Mostly a reliever in the minors, the 25-year-old right-hander is one of three subs holding down spots in New York's injury-depleted rotation. He was pitching well until last Monday, when Whitley was rocked for eight runs and 11 hits in 3 1-3 innings of an 8-3 loss in Toronto, ending a three-start winning streak.
   
This time, he gave up five runs and eight hits in four-plus innings, raising his ERA from 2.56 to 4.70 in a span of two starts.
   
"I think he had better stuff tonight," Girardi said. "He made some mistakes in the middle that they didn't miss. Last time, he really didn't have his stuff."
   
Pedroia made a diving play at second base to limit a Yankees rally, and center fielder Jackie Bradley Jr. threw out Beltran at the plate to keep the score 8-5 in the sixth.
   
It was Bradley's ninth assist of the season.
   
"Changed the momentum of the game," Red Sox manager John Farrell said.
   
Koji Uehara worked a perfect ninth for his 18th save in 19 attempts.
   
Pedroia bounced a hit-and-run single through the right side in the third, and Ortiz was booed by the sellout crowd of 48,124 as he stepped to the plate. The slugger answered with a long drive well into the raised bleachers in right-center to make it 4-0.
   
Ortiz tossed his bat aside and took his time on a wide trot around the bases, saluting his family in the stands as he approached third base.
   
"My son, he always enjoys watching daddy go deep.

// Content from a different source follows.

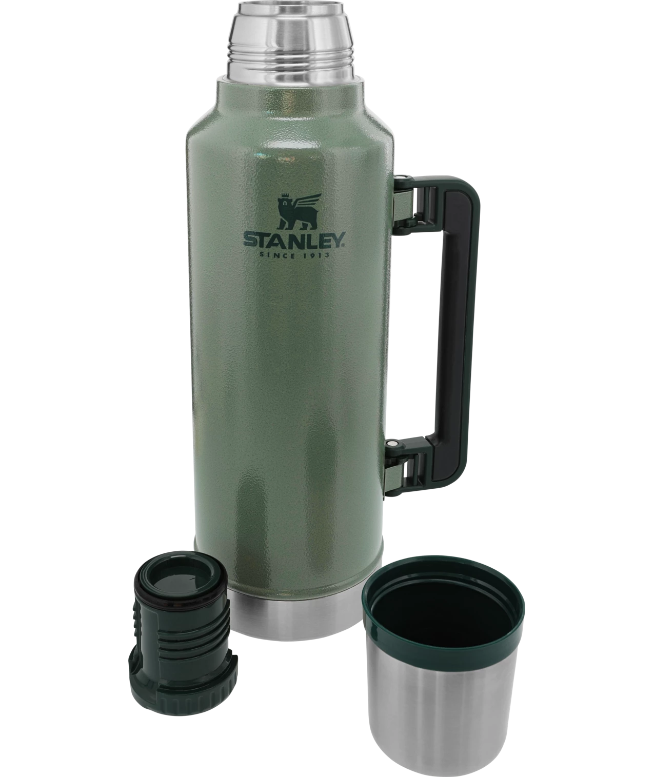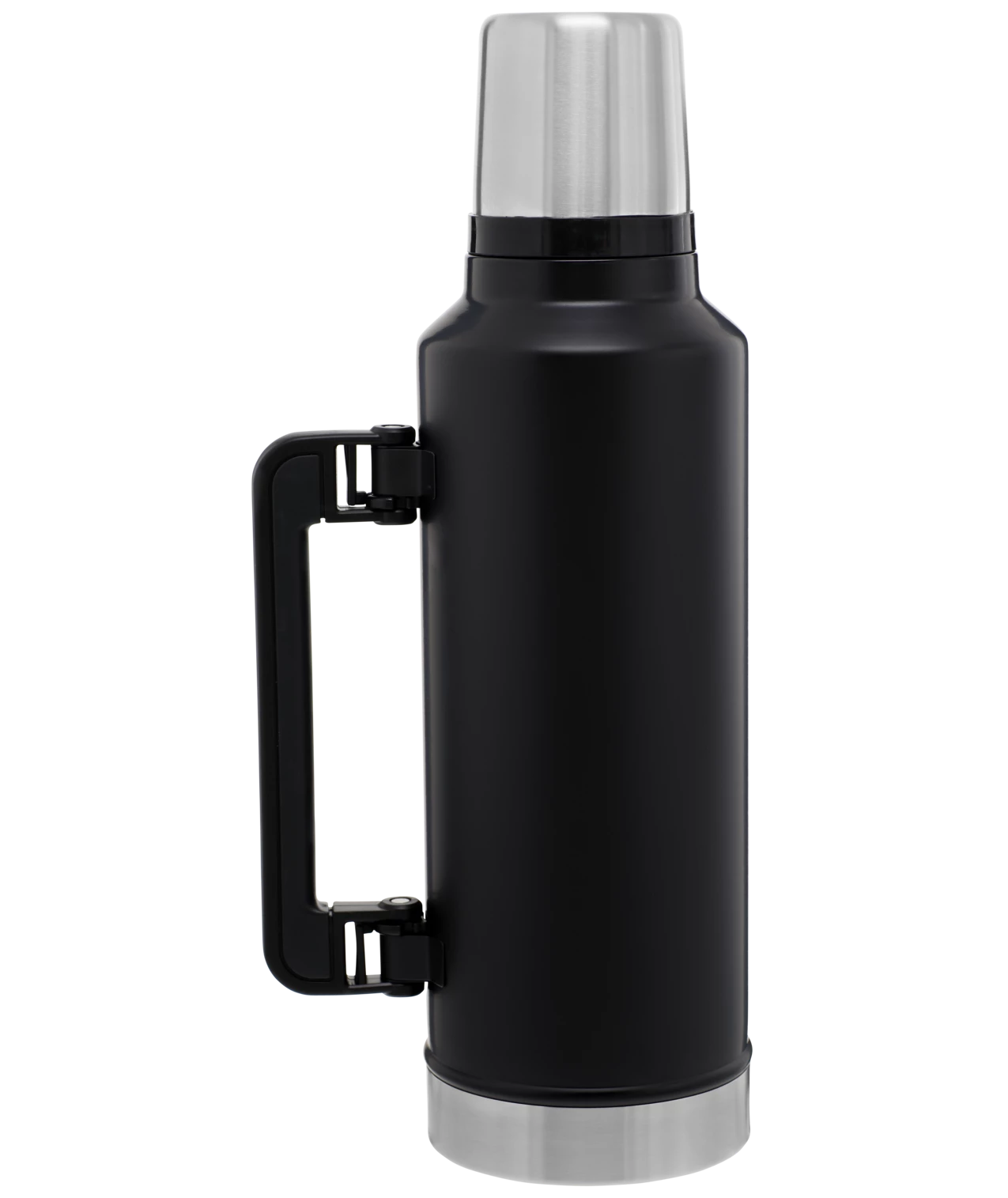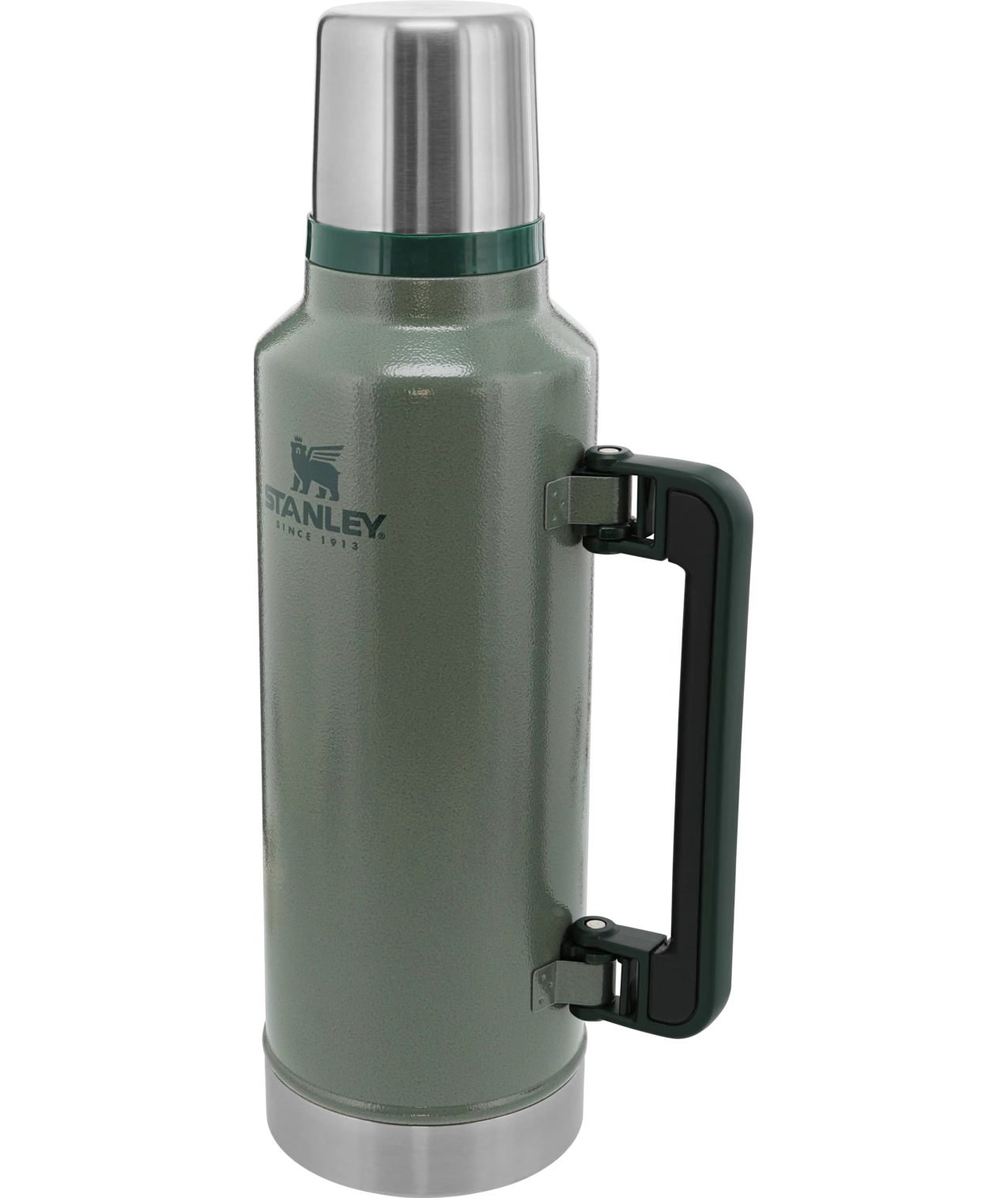 This bottle is built big for all your big adventures. Stanleyβs signature vacuum insulation will keep your coffee hot and your iced drinks cold for up to 2 days. The folding handle allows you to take it anywhere (and prevents it from rolling around in the back of your truck bed, boat or trailer). Itβs also leakproof, packable and easy-to-pour which makes it a welcome companion at any tailgate or camp out.

He was dancing," Ortiz said.
   
The home run put Big Papi in sole possession of 37th place on the career list, two behind Adam Dunn and Red Sox Hall of Famer Carl Yastrzemski.
   
Handed a comfortable cushion, Lackey grew frustrated and shook his head as Brett Gardner and Derek Jeter fouled off pitch after pitch in the third. They combined to see 21 pitches in consecutive at-bats, and Lackey screamed, cursed and gestured wildly when Jeter grounded an RBI single to right.
   
Perhaps worn down a bit, Lackey gave up solo homers to Teixeira and Beltran in the fourth, cutting it to 4-3.
   
But then Whitley and reliever Shawn Kelley threw 10 straight balls to begin the fifth, combining to walk the bases loaded with none out. Pedroia blooped a two-run single and later stayed in a rundown long enough for Daniel Nava to score from third.
   
"I'm most frustrated with the pitch to Ortiz, obviously, and the walk to Bradley that set up the fifth. That was unacceptable," Whitley said.